== Data shown

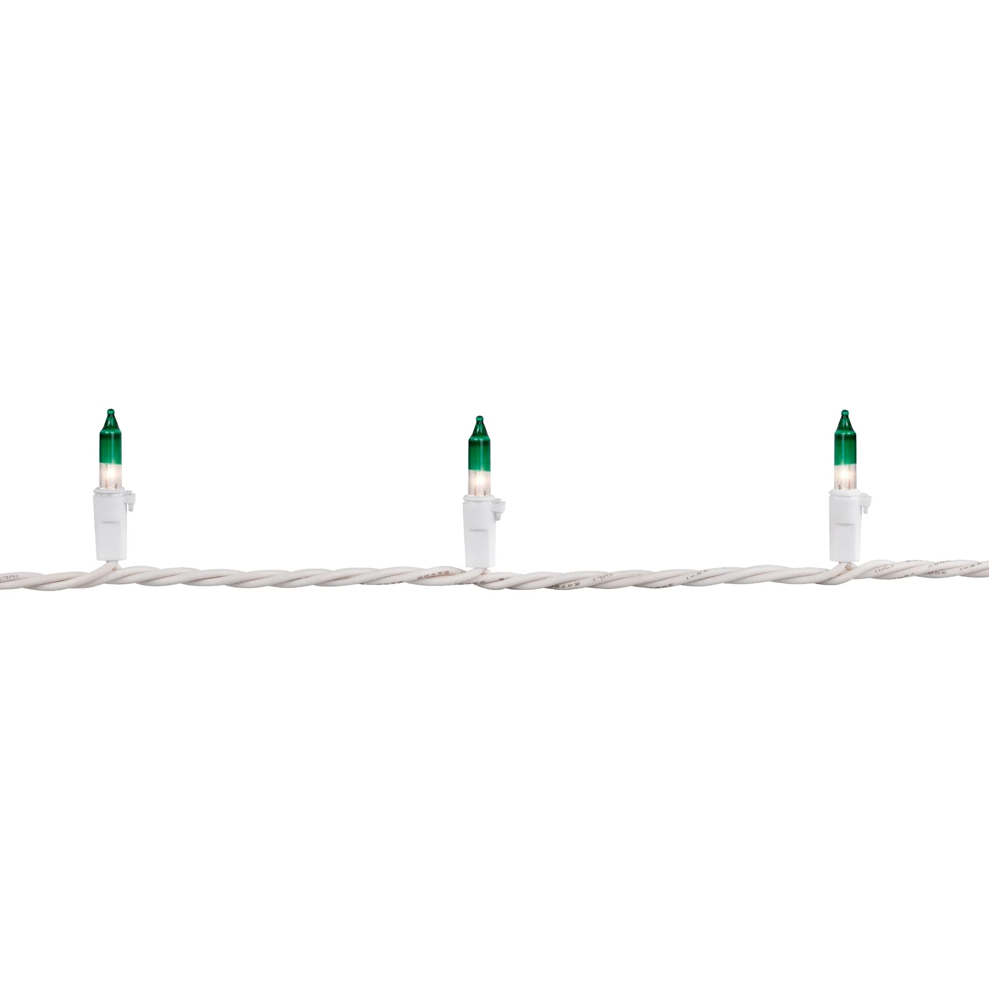 Mini Christmas Light Set - Clear with Green Tip - 10' White Wire - 50ct
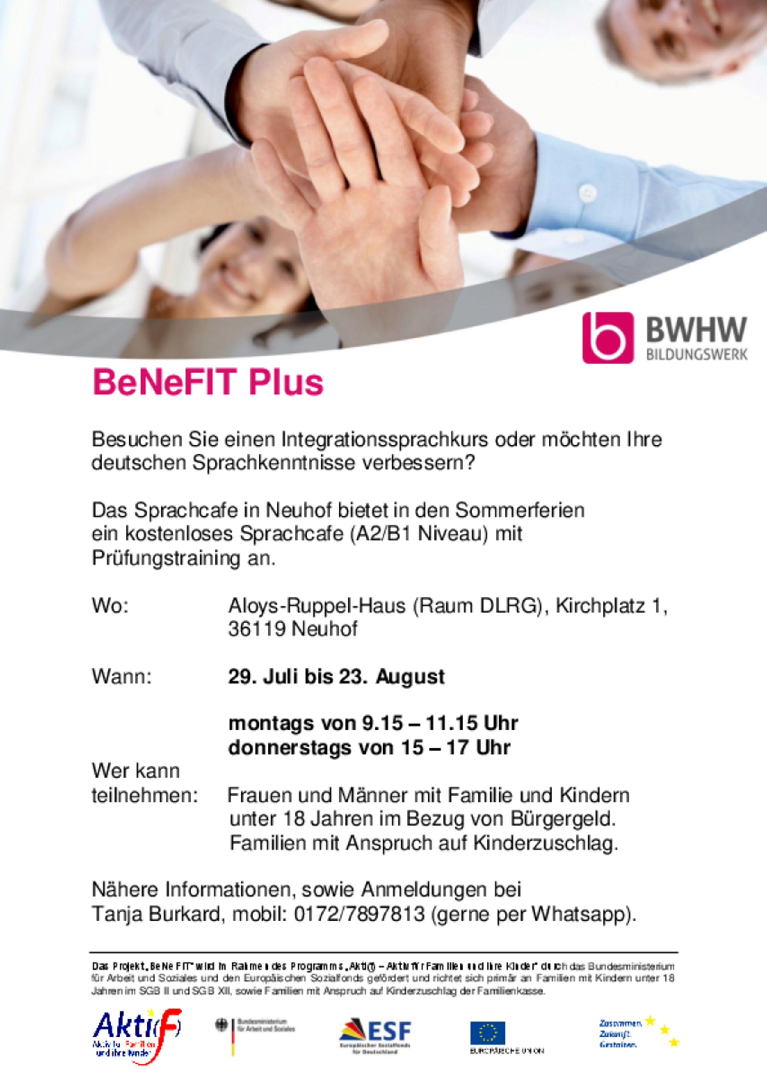 kostenloses Sprachcafé in Neuhof (A2 / B1 Niveau) mit Prüfungstraining
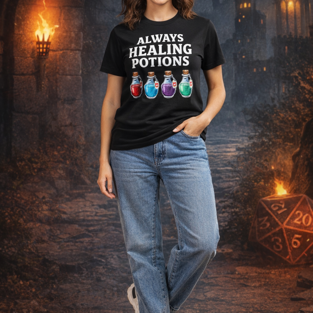 Our “Always Healing Potions” tee is a modern graphic T-shirt you can wear on any quest – everyday style, adventurer attitude!

====

Every line in the data above needs to be given again exactly, pictures aside.

 Mini Christmas Light Set - Clear with Green Tip - 10' White Wire - 50ct
 kostenloses Sprachcafé in Neuhof (A2 / B1 Niveau) mit Prüfungstraining
 Our “Always Healing Potions” tee is a modern graphic T-shirt you can wear on any quest – everyday style, adventurer attitude!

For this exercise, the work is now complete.